The theft of over 850,000 Bitcoin has made headlines over the past four years and has been a major talking point in March. At the height of its power in 2013, Mt. Gox was the biggest exchange in the world responsible for around 80 percent of all Bitcoin transactions.
The circumstances surrounding the hack are still not crystal clear, but a number of people were arrested for their involvement in the embezzlement of funds stolen.
Once again, it’s hard to refer to Mt. Gox as a hack, as then CEO Mark Karpelès was charged with embezzlement and fraud for his involvement in the movement of some of the ‘lost funds,’ not to mention various associates that were implicitly involved in the debacle.
Fast forward to 2018, this modern-day hack has the unfortunate title of the biggest cryptocurrency hack in history if we’re talking about the value of the virtual currency that was stolen.
While it’s not clear how it happened, a hacker gained access to the private key of the Coincheck online wallet and moved 523 mln NEM coins roughly worth $500 mln.
The exchange was crucified for its poor security standards and the fact that such a large amount of cryptocurrency tokens were kept in a single address.
Nevertheless, unlike Mt. Gox, the exchange worked swiftly to reduce the damage done by canceling transactions, ruled out a hard fork to undo the damage and actually managed to create a tagging system that allowed them to track all of the stolen NEM coins.
Having flagged the stolen cryptocurrency, hackers were unable to sell or convert their loot on different exchanges. Furthermore, Coincheck vowed to begin repaying users for lost funds, which they’ve already started doing.
Renowned as the largest cryptocurrency exchange by volume, Binance is the most recent big player to hit by a cyber attack.
Unlike the insider job at Mt. Gox and the stolen private key at Coincheck, Binance were somewhat perplexed by a far more sophisticated modus operandi. However, miraculously or not, the exchange’s security systems picked up the suspicious activity and the hackers were unable to make off with any stolen coin.
On March 7 numerous users started complaining on Reddit and social media platforms that unauthorized transactions were being made on their accounts.
According to the Binance team, the hackers used phishing websites to hijack users’ login information. Once they’d acquired enough accounts, they created trading API keys with the user accounts.
Then on March 7, the hackers used the keys and placed buy orders on the VIA/BTC market which pushed the price up. VIA tokens had been moved to 31 specific accounts, sold at the highest price, which would have moved BTC from compromised accounts to the 31 accounts.
Bitgrail is another exchange that suffered one of the most recent cyber attacks. The Italian exchange lost 17 mln Nano tokens, estimated at around $187 mln in value, in suspicious circumstances.

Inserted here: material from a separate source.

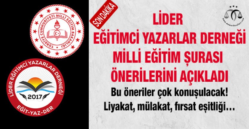“Eğitimde Fırsat Eşitliği” başlığı ile 1-3 Aralık 2021 tarihleri arasında Ankara'da toplanacak olan 20. Mili Eğitim Şurası için şu günlerde toplumun her kesimi görüş ve önerilerini Bakanlığa ve kamuoyuna sunmaktadır. Bizler de eğitimin içinde sorunları bizzat yaşayan ve alanda tespit eden Lider Eğitimci Yazarlar Derneği olarak eğitimimize katkısı olması temennisiyle bu konudaki görüş ve önerilerimizi aşağıdaki şekilde yetkililerin ve kamuoyunun ilgisine sunuyoruz:

Bitgrail founder Francesco Firano maintains the fault lies with the Nano development team and its Blockchain, while the Nano team has refuted those claims in exclusive interviews with Cointelegraph.
They’ve since announced that refunds will be made to users, but Bitgrail users have to sign an agreement that effectively rules out any future legal action against the Italian exchange.
Mining service Nicehash
Another instance that made big headlines was the hacking of mining service Nicehash. Over 4,000 Bitcoin, worth around $63 mln at the time, was stolen by hackers from the Nicehash wallet.
The popular service did well to consolidate after the attack. A change of CEO saw them resume their services after a few weeks and they pledged to refund all users affected by the cybertheft, which started in February 2018.
Summarizing all these different examples, it could be said that different cryptocurrency services use different ways of dealing with cyberattacks and the reaction on hacks is almost entirely dependent on the ethics and credibility of respective management teams.